Any ideas on what-we-were-doing-wrong are welcomed

--
Vlad

---------------------------(end of broadcast)---------------------------
TIP 1: if posting/reading through Usenet, please send an appropriate
subscribe-nomail command to majordomo@postgresql.org so that your
message can get through to the mailing list cleanly

#4Vlad
marchenko@gmail.com
In reply to: Pavel Stehule (#2)
Re: 8.3RC2 vs 8.2.6 testing results

Pavel:

thanks for your feedback. To me plans generated by 8.2 and 8.3 are
equal and only differ by execution times. (I don't know, maybe email
wrap'ed lines, so I've attached plans to my message). Also, I confirm
that that parameter was increased (to 100) before the ran tests.

On Jan 28, 2008 4:26 PM, Pavel Stehule <pavel.stehule@gmail.com> wrote:

Hello

8.3 plan is not optimal.

-> Hash Join (cost=2379.09..108954.69 rows=550548 width=52)
(actual time=76.188..8177.510 rows=2593557 loops=1)

please, try to increase statistics

default_statistics_target (in postgresql.conf) to 100 and repeat
import and your test.

Regards
Pavel Stehule

-- Vlad

Attachments:

82_plan.txttext/plain; name=82_plan.txtDownload
83_plan.txttext/plain; name=83_plan.txtDownload
#5Scott Marlowe
scott.marlowe@gmail.com
In reply to: Vlad (#1)
Re: 8.3RC2 vs 8.2.6 testing results

On Jan 28, 2008 3:56 PM, Vlad <marchenko@gmail.com> wrote:

Hello,

1. Freshly imported DB size on disk was about 3% smaller for 8.3
2. We ran several tests and found 8.3 generally 10% slower than 8.2.6.
We took special measures to make sure that no third factors involved
(no other apps running, all data was cached from disks, etc). Below
is one of the queries that we used for testing (I anonymized table
names) along with query plan for both 8.3 and 8.2. The query execution
plans are the same for both versions, but what we found quite
interesting is that if we add all the times from each line of 8.2's
query plan, it roughly adds-up to the total execution time. For 8.3's
plan each line shows a shorter time, yet resulting in longer total
runtime. Also, summing 8.3's plan lines doesn't come close to the
total execution time:

This last bit often means there's some overhead in the systems
timeofday() function calls.

If you just use \timing from psql, and run the script without explain
analyze, what speeds do you get on each?

#6Vlad
marchenko@gmail.com
In reply to: Scott Marlowe (#5)
Re: 8.3RC2 vs 8.2.6 testing results

This last bit often means there's some overhead in the systems
timeofday() function calls.

If you just use \timing from psql, and run the script without explain
analyze, what speeds do you get on each?

17480ms (8.2.6)
20342ms (8.3RC2)

--
Vlad

#7Tom Lane
tgl@sss.pgh.pa.us
In reply to: Vlad (#1)
Re: 8.3RC2 vs 8.2.6 testing results

Vlad <marchenko@gmail.com> writes:

2. We ran several tests and found 8.3 generally 10% slower than 8.2.6.
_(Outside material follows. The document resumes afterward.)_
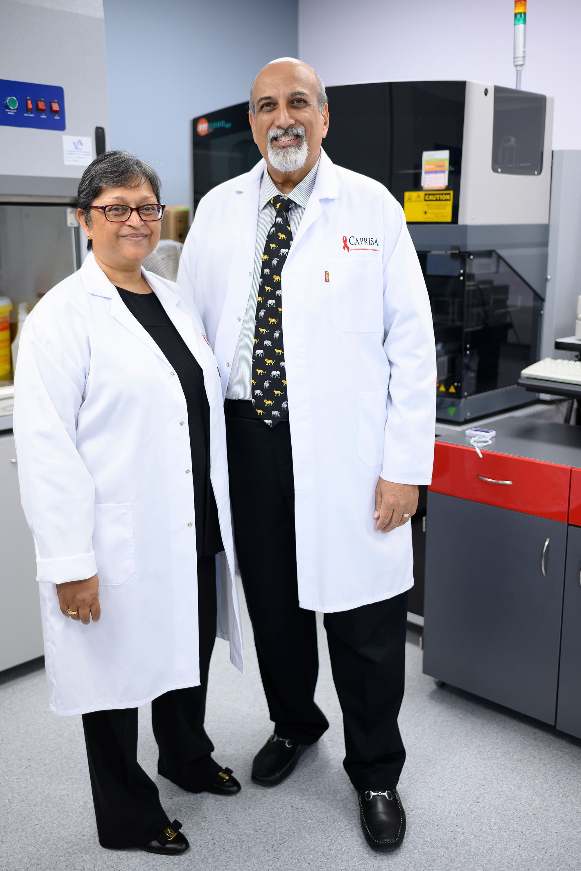 Photo: Professor Quarraisha Abdool Karim (L) and Prof Salim Abdool Karim (R) at the CAPRISA main laboratory in Durban, South Africa. They are two of the world’s leading AIDS researchers, with pioneering contributions in understanding the evolving HIV epidemic among young people, especially among young women while also advocating for the rights of people living with and affected by HIV.

The particular case you are showing here seems to be all about the speed
of hash aggregation --- at least the time differential is mostly in the
HashAggregate step. What is the data type of a_id? I speculate that
you're noticing the slightly slower/more complicated hash function that
8.3 uses for integers. On a case where the data was well distributed
you'd not see any countervailing efficiency gain from those extra
cycles.

regards, tom lane

#8Greg Smith
gsmith@gregsmith.com
In reply to: Tom Lane (#7)
Re: 8.3RC2 vs 8.2.6 testing results

On Mon, 28 Jan 2008, Tom Lane wrote:

I speculate that you're noticing the slightly slower/more complicated
hash function that 8.3 uses for integers.

There was a similar slowdown in the Clodaldo case you tracked down
recently. Is it worth considering an addition to the release notes
warning about this class of problem? If there have been two of them so
far just in the beta I wonder how many people are going to run into some
variant of this in the future.

--
* Greg Smith gsmith@gregsmith.com http://www.gregsmith.com Baltimore, MD

#9Marko Kreen
markokr@gmail.com
In reply to: Tom Lane (#7)
Re: 8.3RC2 vs 8.2.6 testing results

On 1/29/08, Tom Lane <tgl@sss.pgh.pa.us> wrote:

Vlad <marchenko@gmail.com> writes:

2. We ran several tests and found 8.3 generally 10% slower than 8.2.6.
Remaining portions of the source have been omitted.